*** ENTRIES SHOWN Section Begins ***

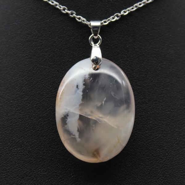 Agaat is een microkristallijne variant van kwarts, een mineraal bestaande uit silica, dat zich meestal vormt in holtes van vulkanisch gesteente, waar oplossingen die rijk zijn aan silica in opeenvolgende lagen worden afgezet. Deze afzettingen, vaak van verschillende kleuren, creëren de karakteristieke patronen van agaat, variërend van parallelle banden tot dendritische vormen. De diversiteit aan kleuren is te danken aan de aanwezigheid van onzuiverheden zoals ijzeroxiden, mangaan of andere sporenelementen.
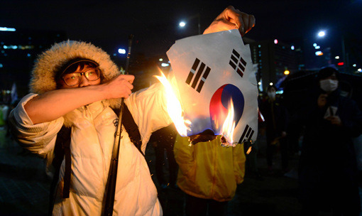 ▲정권 퇴진 운동으로 변질된 세월호 시위대
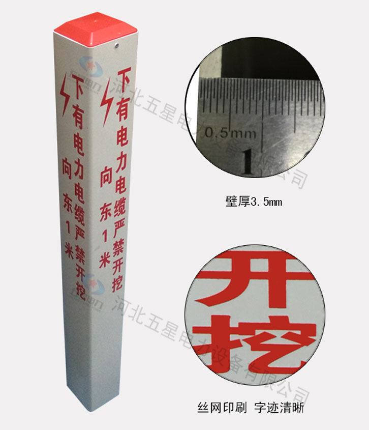 塑鋼標志樁采用塑鋼材質(zhì)制成,也稱為pvc標志樁,樁體為白色,常規(guī)規(guī)格為100mm*100mm、150mm*150mm。塑鋼標志樁材質(zhì)輕便、彈性好、耐酸堿、耐腐蝕、抗老化性能好、安裝運輸方便,是警示地下管線的標識產(chǎn)品,能夠清楚的標明管線的鋪設方向,便于大家區(qū)分不同的管線走向。
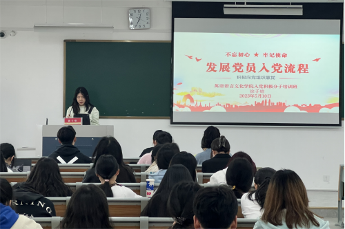 5月10日,翻译系学生党支部书记徐子晗在融B307讲授“砥砺红色初心,争做最美青荷”专题党课。徐子晗向入党积极分子们系统地讲解了发展党员相关流程以及条件要求,加深了学员对党的基本理论和基础知识的理解,并就入党积极分子的培养考察提出了具体要求。
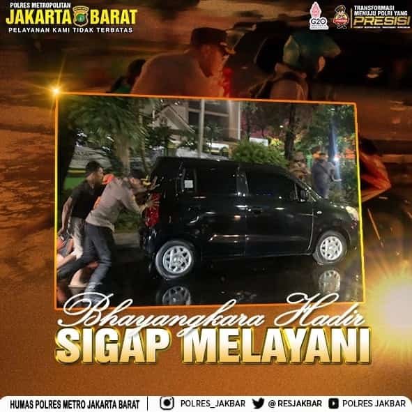 Bahkan terlihat Kapolsek Tanjung Duren Kompol Muharram Wibisono tanpa malu mau mendorong sejumlah mobil yang mengalami kesulitan saat melintasi genangan air
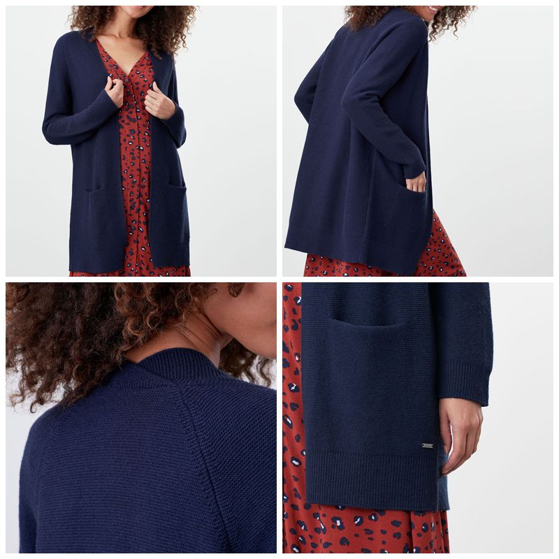 深藍色也是另一個百搭選擇,領子處的交錯設計相當特別

*** ENTRIES SHOWN Section Ends ***

**WHAT YOU SHOULD DO:**
From the material above, give again exactly the lines from the one that contains "塑鋼標志樁采用塑鋼材質(zh" through the one that contains "5月10日,翻译系学生党支部", and leave out the pictures.

**EXERCISE RESULT:**
 塑鋼標志樁采用塑鋼材質(zhì)制成,也稱為pvc標志樁,樁體為白色,常規(guī)規(guī)格為100mm*100mm、150mm*150mm。塑鋼標志樁材質(zhì)輕便、彈性好、耐酸堿、耐腐蝕、抗老化性能好、安裝運輸方便,是警示地下管線的標識產(chǎn)品,能夠清楚的標明管線的鋪設方向,便于大家區(qū)分不同的管線走向。
 5月10日,翻译系学生党支部书记徐子晗在融B307讲授“砥砺红色初心,争做最美青荷”专题党课。徐子晗向入党积极分子们系统地讲解了发展党员相关流程以及条件要求,加深了学员对党的基本理论和基础知识的理解,并就入党积极分子的培养考察提出了具体要求。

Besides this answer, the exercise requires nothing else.